Let’s pretend we need to build a recommendation engine for an eCommerce web site.
There are basically two buckets your engine will fall into: content-based, or collaborative-filtering.
Introducing Content-Based Recommenders
Content-based systems are the ones that your friends and colleagues all assume you are building; using actual item properties like description, title, price, etc, etc. If you had never thought about recommendation systems before, and someone put a gun to your head, Swordfish-style, and forced you to describe one out loud in 30 seconds, you would probably describe a content-based system. "Uhh, uhh, I’d like, show a bunch of products from the same manufacturer that has a similar description."
You’re using the actual attributes of the item itself to recommend similar products. This makes a ton of sense, as it’s how we actually shop in the real world. We go into the Toaster-Oven aisle and look at all the toaster ovens, which are probably physically arranged on the shelf according to brand, or price, or ability to also cook a full turkey in under 30 minutes.
Why This Doesn’t Always Work Well
On most eCommerce sites it’s easy enough for folks to browse the toaster oven category already. What we really want is a recommendation system that drives incremental sales (e.g. sales that would not have happened otherwise). If a customer is looking at the product details page for Harry Potter and the Chamber of Secrets, and your recommended shows Prisoner of Azkaban, and the customer buys it, the data scientists back at Random House HQ should not be high-fiving. It’s a safe bet that that customer already knew there were more than two books in the series and would have bought Prisoner of Azkaban anyway. It was not an incremental sale.
Introducing Collaborative Filtering
We need another approach. Enter Collaborative Filtering, or CF. The big idea behind CF is also pretty intuitive; the product someone is most likely to buy, is the product that a bunch of people like you also bought. Sure, this can lead to the Harry Potter situation, but it’s much better at making recommendations from further afield, from deeper in the product catalog. It’s more robust against problems like typos ("Harry Pooter" still gets recommended), and when measured in the real world in terms of generating incremental sales, generally beats the pants off pure content-based systems.
While the big idea behind CF is intuitive, there is one aspect that you will definitely have to explain to colleagues many, many times. Pure CF systems have no knowledge whatsoever about the products they are recommending! To the system, it’s just a giant grid of product IDs and user IDs, representing who bought what. It’s deeply counterintuitive that CF algorithms often see no measurable performance improvements when they are hybridized with content-based systems. Surely knowing something about the items you are recommending must help a little , right?

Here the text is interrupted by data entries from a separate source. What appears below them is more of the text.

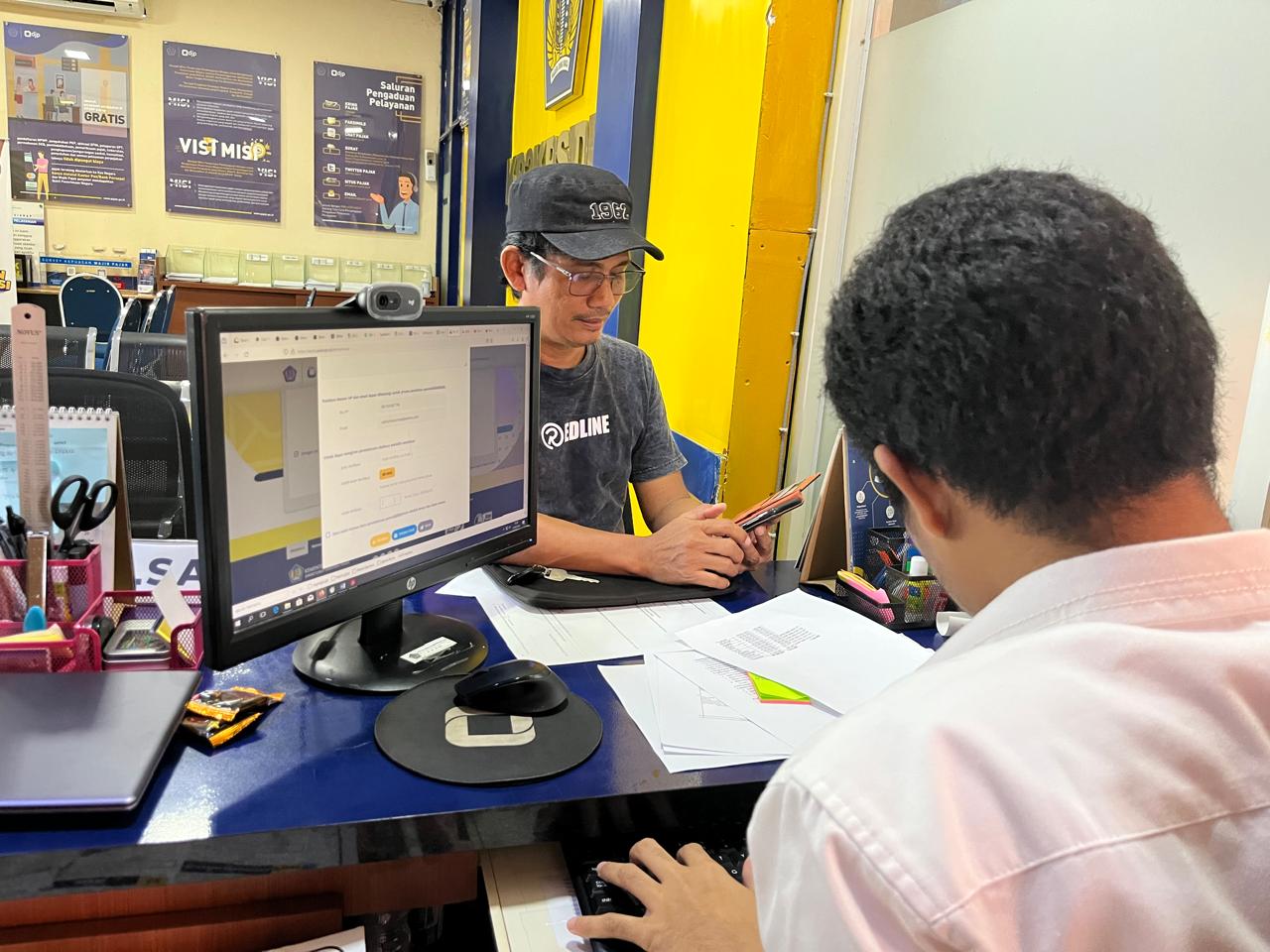 Setelah mendengar penjelasan Rahmat, Abi meminta Rahmat untuk memberikan asistensi tata cara menggunakan layanan e-PBK. “Saya mau belajar cara pakai e-PBK, Pak. Mohon bantuannya,” ucap Abi. Rahmat kemudian segera memandu wajib pajak untuk mengajukan pemindahbukuan melalui laman pajak.go.id menggunakan laptop pribadi wajib pajak.
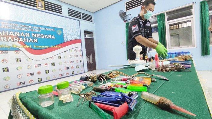 Hasil mengobok-obok seluruh blok ruang hunian pada Rutan Marabahan, Kabupaten Barito Kuala (Batola), Provinsi Kalimantan Selatan, tersebut ditemukan sejumlah benda terlarang dan membahayakan.
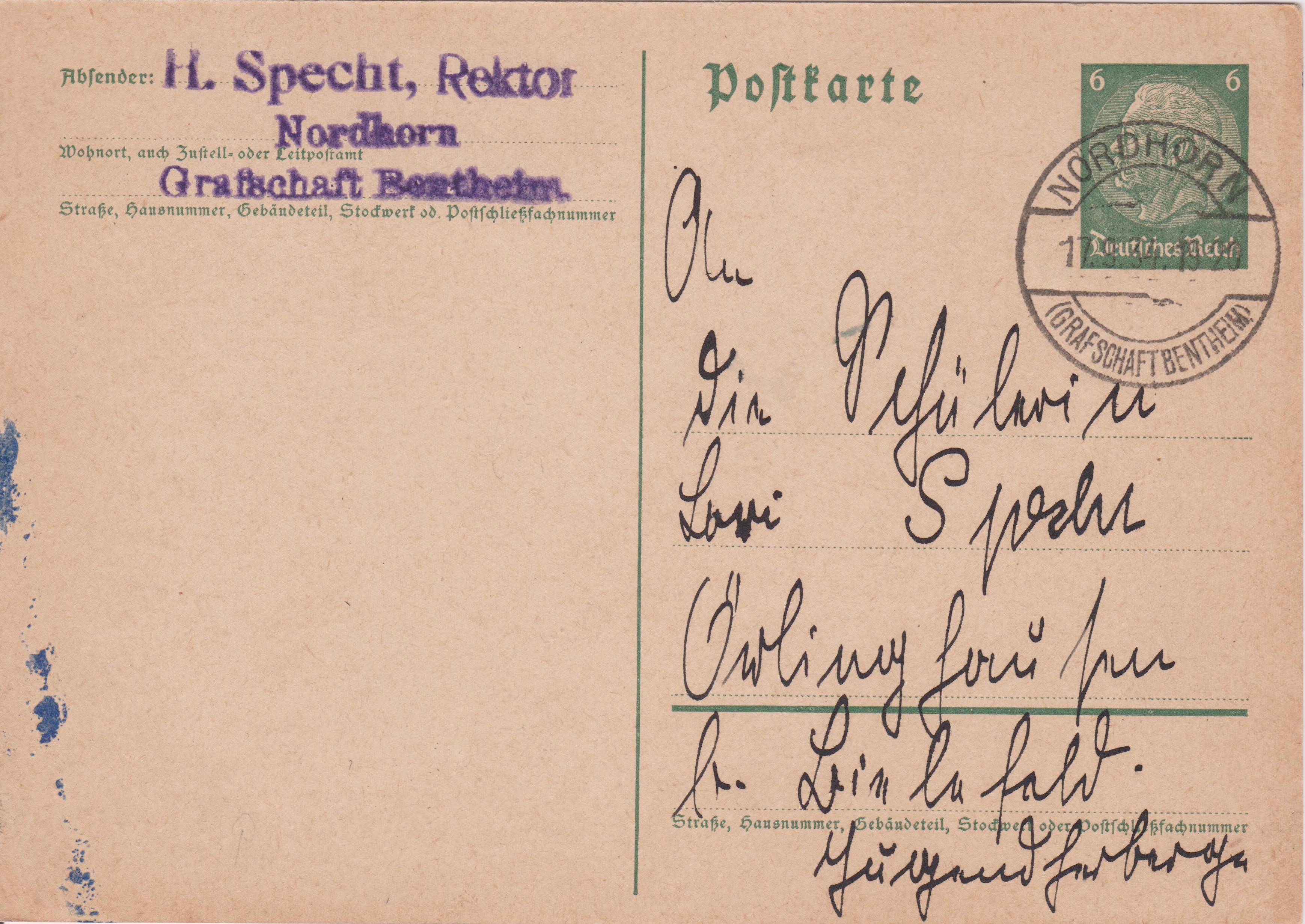 Ganzsache Deutsches Reich MiNr. P 226 I mit Tagesstempel "NORDHORN (GRAFSCHAFT BENTHEIM)" in zwei verschiedenen Typen:
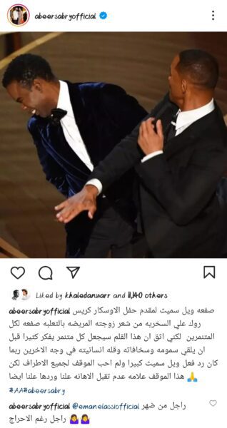 دعمت الفنانة “عبير صبري” الفنان العالمي “ويل سميث” في أزمته الأخيرة، عبر حسابها الشخصي بموقع تبادل الصور والفيديوهات الإنستجرام.
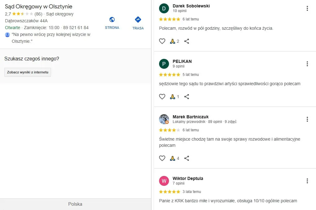 Komentarze w Google pod sądem w Olsztynie zrobiły mi dzień. "Artyści sprawiedliwości" !

In most cases, essentially 100% of the ‘signal’ is retrievable from a simple matrix of who bought what.
Great. With that out of the way, who is excited to learn how to build a content-based recommendation engine??? Anyone still here?
I’m Still Here!
Content-based engine can still be really useful, I swear! Sometimes you do want to tell people about Harry Potter, or automatically curate the toaster-over aisle. Or, more realistically, let them know that if you love Nike Pro Hypercool Fitted Men’s Compression Shirt , you might also love the Nike Pro Hypercool Printed Men’s Tights . A content-based engine rocks at picking up related products like this, without a bunch of manual curation (those products don’t appear together in the ‘pants’ category, nor in ‘shirts’). Sometimes we conceptually really do want to show "similar products" and not "people who bought x also bought y"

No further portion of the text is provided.